Ireland's Department of Agriculture was quick to shift the blame. Within weeks of the revelations in January 2013 that low-cost burgers sold as 100 per cent Irish beef contained horse meat, the department said an investigation had established a "direct correlation" between Irish beef burgers and raw material from Poland. This had contained a high level of equine DNA.
Polish officials were equally quick to reject the claim and accuse their Irish colleagues of being motivated by political and commercial concerns. "Such accusations are not grounded by any sound evidence and are inacceptable," said Polish agriculture minister Stanislaw Kalemba to The Irish Times on February 1st, 2013.
However, four weeks later, the Polish veterinary inspectorate announced it had, in fact, found horse meat in samples taken from Polish factories. Case closed? Not quite.
Today, neither government officials nor meat industry groups in Warsaw want to talk about last year’s scandal. “This chapter is closed,” said Jaroslaw Naze. As deputy head of Poland’s general veterinary inspectorate, he was on the front line of the horse-meat investigation – and accusations – a year ago.
Clearly annoyed at the return of the horse inquiries, Mr Naze denies there was ever a problem with Polish companies. He says the positive tests for horse meat in Polish factories showed only traces of horsemeat – less than 1 per cent – which the European Commission subsequently told his office was negligible, probably due to contamination rather than large-scale production, and thus irrelevant.
“Everything shows that these things were happening somewhere in Europe but not in Poland,” said Mr Naze. “Someone in Europe found some way to substitute meat and change labelling. It shows that something is wrong with documentation and labelling. This was probably in the Netherlands, not at all in Poland.”
Co-ordinators at Europol, the European law enforcement agency, decline to comment in detail on their investigation but the centre of attention has shifted further west.
Fraud charges
A Dutch meat trader, Willy Selten, is under investigation for allegedly supplying tens of thousands of tonnes of horse meat labelled beef to European companies. Eight managers of French company Spanghero are facing fraud charges for knowingly passing off Romanian horse meat it bought through Dutch intermediaries as beef. The French company subsequently reopened under a new name and new management.
But the case isn't quite closed for Poland. Irish company ABP is suing a Polish supplier, Food Services, for allegedly breaching the terms of its contract with its Silvercrest subsidiary, claims the Polish company denies.
“We didn’t send horse meat,” said Rafal Trzepanowski of Food Services. “We supplied Silvercrest on average with 15 tonnes of beef a month, which corresponds to less than 1 per cent given the scale of production.”
There is no data suggesting the horse scandal has had a lasting effect on Poland’s food export sector, worth almost €17.5 billion in 2012 and responsible for more than 12 per cent of total foreign sales. Official figures for the first quarter of 2013 show that Polish food exports totalled €4.5 billion, almost 14 per cent more than the same period the previous year.
The Polish Meat Association announced a 30 per cent collapse in beef exports in the months after the crisis. However industry observers suggest that, for the year in total, beef volumes remained steady even though prices dropped about 4 per cent.
One marked drop is the market for Polish meat trimmings, with meat producers now apparently anxious to use only product they can stand over.
“The horse-meat scandal, as well as recent quality concerns, could affect consumption growth over the long term,” noted Business Monitor International, a UK-based research group, in a June 2013 analysis.
Ireland’s ABP delivered a vote of confidence in Poland last month, announcing it would expand its operations near the western city of Poznan.
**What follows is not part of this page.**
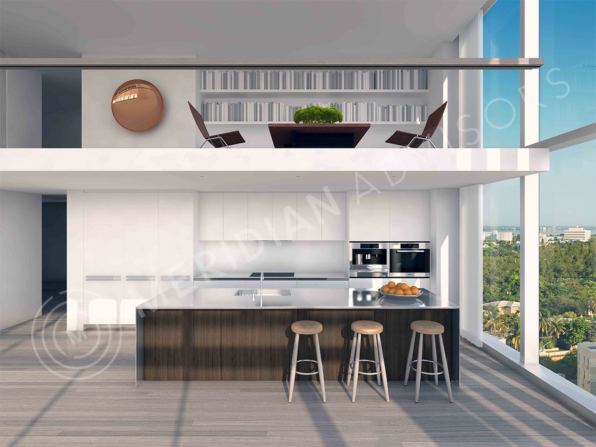 The residences were designed to be in a complete, move-in condition, with the idea being to give residents what they need even before they know it themselves, an ideal for resort living. Various custom-designed elements by John Pawson include seating and wall elements in the living  rooms, and Bulthaup kitchens with Miele and Subzero appliances. Downstairs is a dedicated residents-only entrance with two dedicated elevators and a doorman, and of course, living at the EDITION, give you access to the services and amenities of a world-class hotel.

After entering the Polish beef market in 2011, employing 150, the company has now bought another plant nearby.
“To come here wasn’t a decision taken lightly, so this continued acquisition is a vindication of that decision,” said Jerome Ahern, local manager of ABP Poland which was not linked to the horse-meat scandal.
Despite repeated requests, the Polish Agriculture Ministry was unwilling to comment to The Irish Times.
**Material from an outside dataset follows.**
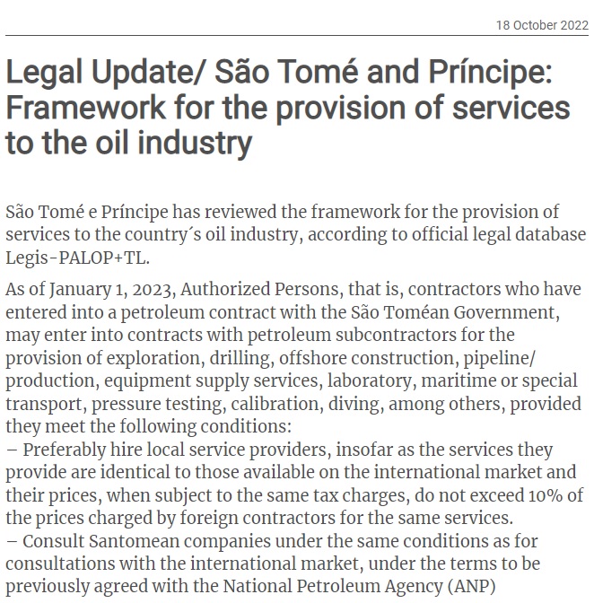A partir de 1 de Janeiro de 2023, com a entrada em vigor do Decreto-Lei n.º 22/2022 de 14 de Setembro, as Pessoas Autorizadas, ou seja, os contratantes que tenham celebrado contrato petrolífero com o Governo Sãotomense, poderão celebrar contratos com subcontratantes petrolíferos para prestação de serviços de exploração, perfuração, construções offshore, pipeline/serviços de produção, serviços de fornecimento de equipamentos, de laboratório, de transporte marítimo ou especial, de teste de pressão, de calibração, de mergulho, entre outros, desde que cumpram as seguintes condições: - Contratem, de preferência, prestadores de serviços locais, na medida em que os serviços que prestam sejam idênticos aos que estejam disponíveis no mercado internacional e os seus preços, quando sujeitos aos mesmos encargos fiscais, não sejam superiores a 10% dos preços praticados por empreiteiros estrangeiros para idênticos serviços. - Consultem as empresas Santomenses nas mesmas condições das consultas ao mercado internacional, nos termos a acordar previamente com a Agência Nacional do Petróleo (ANP) https://www.anp-stp.gov.st/index.php/pt/ . Os subcontratantes petrolíferos deverão obedecer ao seguinte sob pena de coima no montante de USD 6 000: - Efectuar registo junto da ANP, ainda que os serviços sejam prestados fora do território nacional, mediante requerimento dirigido ao Director Executivo da ANP, a qual emite um certificado de registo que qualifica os requerentes como Subcontratantes Petrolíferos e autorizados a prestarem serviços de apoio à indústria petrolífera nacional nesta qualidade; - Submeter uma cópia do contrato entre as Pessoas Autorizadas ou Associadas e os Subcontratantes Petrolíferos à ANP no prazo de 10 dias.

Poland continues to protest its innocence, though food scandals continue to pop up at a regular pace. In March an undercover Polish television report revealed how a meat producer was “refreshing” and repackaging meat to sell to clients.
In April investigators found a hidden storage unit in an abattoir in central Poland containing 30 tonnes of meat lacking any veterinary documentation. Prosecutors said the meat had come from sick animals and other animals that had died without being slaughtered.
Monitoring
For animal welfare groups, the horse-meat scandal demonstrated the impossibility of monitoring the globalised market in meat products that end up in a frozen burger or lasagne.
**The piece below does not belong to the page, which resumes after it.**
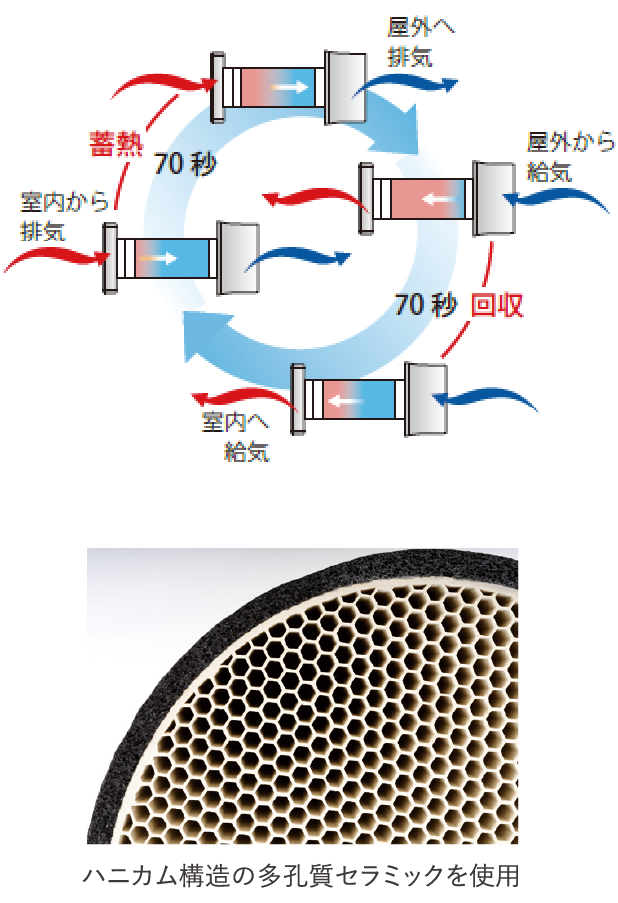 蓄熱エレメントに多孔質セラミックを使用 ・・・ハニカム構造の多孔質セラミックは蓄熱性が高く、湿度も回収します。 また、掃除機での清掃や水洗いなど簡単なメンテナンスで性能を長期間維持します。

“The sheer length of the supply chain shows you the system is broken,” said Jo Swabe of Humane Society International.
Europol investigators say it is too soon to rule in or out any country or company of blame in the horse-meat scam.
“This is all about the money,” said Chris Vansteenkiste, Europol project manager dealing with health and safety issues. “Why did people change beef for horse meat? Because parts of the horse used were cheaper than parts of beef. People wanted to get more rich even quicker than before.”